Meet Block Museum Fellow, Sarah M. Estrela

In September 2018 the Block Museum welcomed Sarah Estrela as a 2018-2019 graduate fellow.  Block Museum Graduate Fellowships are offered to two graduate students annually, one from Art History and one from any department within the Graduate School.  Graduate Fellows are integral members of the museum staff and support projects through exhibition and collection research, curating, writing and catalog production.  We took a moment to sit down with Estrela, a PhD candidate in Art History to discuss her background and forthcoming work:

Can you tell us a bit about your background and your field of study?

I am a Ph.D. student in art history specializing in modern and contemporary art. I focus on art made in Portugal and Lusophone Africa (Angola, Cabo Verde, Moçambique, São Tomé and Princípe, Guinea-Bissau) during the 1960s and 1970s, and am currently researching how artists negotiated and articulated their visions for the future before, during and after the anti-colonial liberation struggles.

 Can you tell us about some of your previous research at Northwestern and abroad?
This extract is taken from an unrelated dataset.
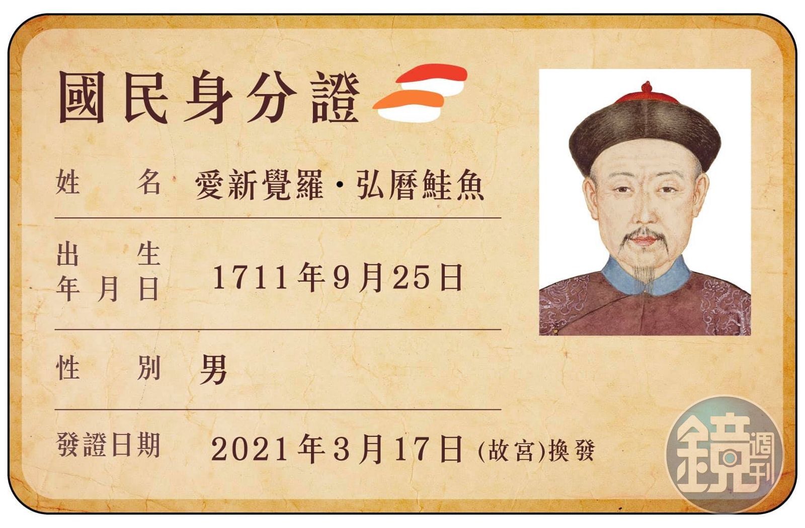 臉書粉專「故宮精品」17日貼出乾隆皇帝的身分證,但把他的名字「愛新覺羅‧弘曆」改成「愛新覺羅‧弘曆鮭魚」,還順便宣傳以乾隆南巡為主題的桌遊,「出巡順便吃鮭魚」,跟風這波改名潮,讓不少網友大讚幽默,還引來不少政治人物留言。

My first research project brought me from the Special Collections at the Deering Library to Rio de Janeiro, Brazil in 2016. I focused on the 1930 re-urbanization proposal Alfred Agache organized for the city of Rio (which was the first of its kind); I used ArcGIS to better understand how his plans cartographically censored and legitimated the removal of predominately Black neighborhoods despite Agache’s claims for a more equitable and “modern” city. I received funding to conduct archival research, visit sites, and conduct interviews in Rio during that summer, and the project eventually became my qualifying paper.

My research since then has taken me across the Atlantic, and my dissertation will hopefully answer the following question: in the wake of the anti-colonial struggles for independence in Africa during the 1960s and 1970s, how did people in Angola, Cabo Verde, Guinea-Bissau, and Moçambique visualize their futures and use the visual to (re)construct a sense of self? Bringing together the ephemeral visual material (i.e., political posters, murals, and pamphlets) that people created, circulated and encountered, I use visual analysis, critical race theory and critical fabulation archival tactics to examine how revolution and liberation were defined and redefined artistically. I hope to better understand how works of art were mobilized as part of the larger struggle toward independence and how artists’ methods provide insight into what was (im)possible in a climate of physical devastation, psychological torment, and brutally enforced censorship to produce the most potent images of what a decolonial revolution and future could look like.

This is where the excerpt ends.